“Un caribou, du travail et de la fatigue”


J'ai du me méprendre quelques part. Je me suis levé pour la première fois depuis longtemps le ventre plein, plus d'énergies que les dernières semaines. Je me suis trainé jusqu'à la cuisine où Denis m'attendait déjà avec une assiette tiède. Faut croire qu'on se lève tôt par ici.

On est monté dans sa voiture, il m'a amené en excursion avec lui et j'ai suivi sagement. Je pense que j'ai du pousser un cri quand soudainement des zombies ont entourés sa voiture, mais je me suis pas évanoui !

Sur le chemin du retour, il m'a demandé en quoi j'étais doué avec son accent à couper au couteau et ses grands mouvements des mains pour se faire comprendre. Pas grand chose honnêtement. J'imagine que jouer à des jeux d'arcades ça sert plus à grand chose dans cette vie ci. Il m'a amené à la grange et m'a expliqué deux trois choses. J'ai remarqué les tombes dans le jardin, mais j'ai rien dit. J'avais beau essayé de ne pas le regarder, la terre labourée n'avait de cesse d'attirer mon regard.

On a croisé Bruce, il était sympa. Un mec carré avec du vocabulaire et des airs du coin. Une histoire folle! Se réveiller d'un lendemain de soirée tout droit dans l'apocalypse, il est rock and roll. J'ai pas trop parlé de ce qui m'était arrivé, c'est moins glorieux. Puis, dans le fond, je les connais pas vraiment.

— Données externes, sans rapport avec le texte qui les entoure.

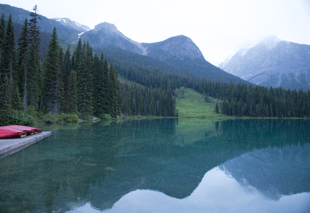 早起,还是云雾缭绕。在静谧中,欣赏小家碧玉的Emerald Lake.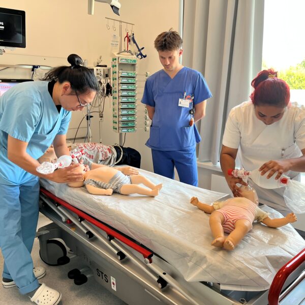 Bonn, 07. Oktober 2025: Das Universitätsklinikum Bonn (UKB), die Medizinische Fakultät und der Verein Kinderherzen haben im Eltern-Kind-Zentrum des UKB die zweite Phase der „Kinderherzen-IPSTA“ eingeläutet. Ziel der interprofessionellen Ausbildungsstation (IPSTA) ist es, angehende Pflegekräfte sowie Ärztinnen und Ärzte für die langfristige Arbeit im sehr herausfordernden Fachbereich der Kinderherz-Intensivmedizin zu motivieren. Künftig soll die Kinderherzen-IPSTA auch anderen Kliniken im deutschsprachigen Raum als Vorbild dienen. Im Rahmen der ab Januar hinzukommenden Projektkomponente „Train the Trainer“ werden erfahrene Ausbildungsbegleiter ihr Wissen an andere Kinderherz-Stationen weitergeben.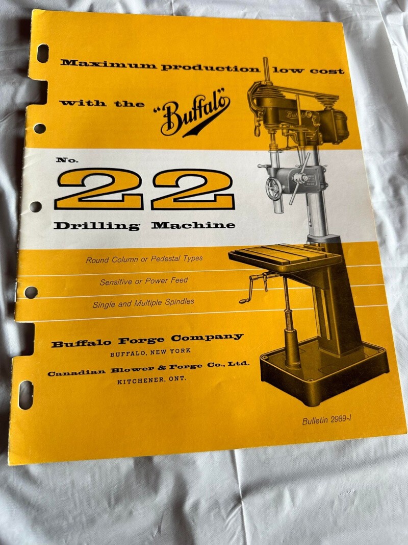 Buffalo #22 Drilling Machine Round Column Pedestal Types Spindles Sales Brochure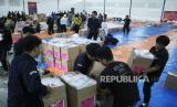 Petugas KPU membereskan surat suara usai dilakukan penyortiran dan pelipatan surat suara Pemilihan Umum (Pemilu) 2024 di Gudang Logistik KPU, Kota Bandung, Jawa Barat, Senin (8/1/2024). Komisi Pemilihan Umum (KPU) Kota Bandung, memulai penyortiran dan pelipatan surat suara Pemilu 2024 dengan melibatkan sebanyak 1.072 orang pekerja yang direkrut dari seluruh kecamatan di Kota Bandung. Penyortiran dan pelipatan surat suara tersebut berlangsung hingga tanggal 18 Januari 2024. (FOTO : Edi Yusuf/Republika)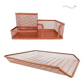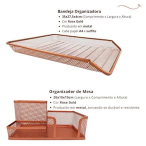 Kit escritório composto por: - 01 bandeja organizadora simples rose gold - 01 organizador de mesa com 3 partições rose gold

Denis, c'est pas un mauvais bougre, mais je le connais pas assez pour trop savoir comment lui parler. Pour le moment, il a des airs de golden retriever déprimé. Je crois que je voulais lui remonter le moral, c'est pour ça que j'ai pris le marteau l'air faussement serein. Si Ma' pouvait me voir, elle pleurerait de rire. Pourtant, j'ai pas peu fait le fier quand il est revenu une heure plus tard en me disant que c'était pas trop mal. Bon, rien avoir avec la qualité du travail du précédent locataire des lieux, je crois même que j'ai monté que des murs troués cette après-midi là, mais ça tenait. C'est déjà ça.

En vrai, plus j'écris plus j'ai mal. J'ai les mains qui crampent tellement j'ai plantés de clous aujourd'hui. Chaque fois que je voulais m'asseoir où me cacher dans un coin, soudainement Denis apparaissait comme un clébard des enfers venu me forcer à travailler. C'est pas une vie! On a bientôt fini la bergerie et le premier étage est presque colmaté. Si on continue comme ça je vais mourir de fatigue avant de me remplumer!

J'ai gober mon assiette plus que ce que je ne l'ai mangé ce soir. J'aimerais continuer à me plaindre, mais je suis épuisé.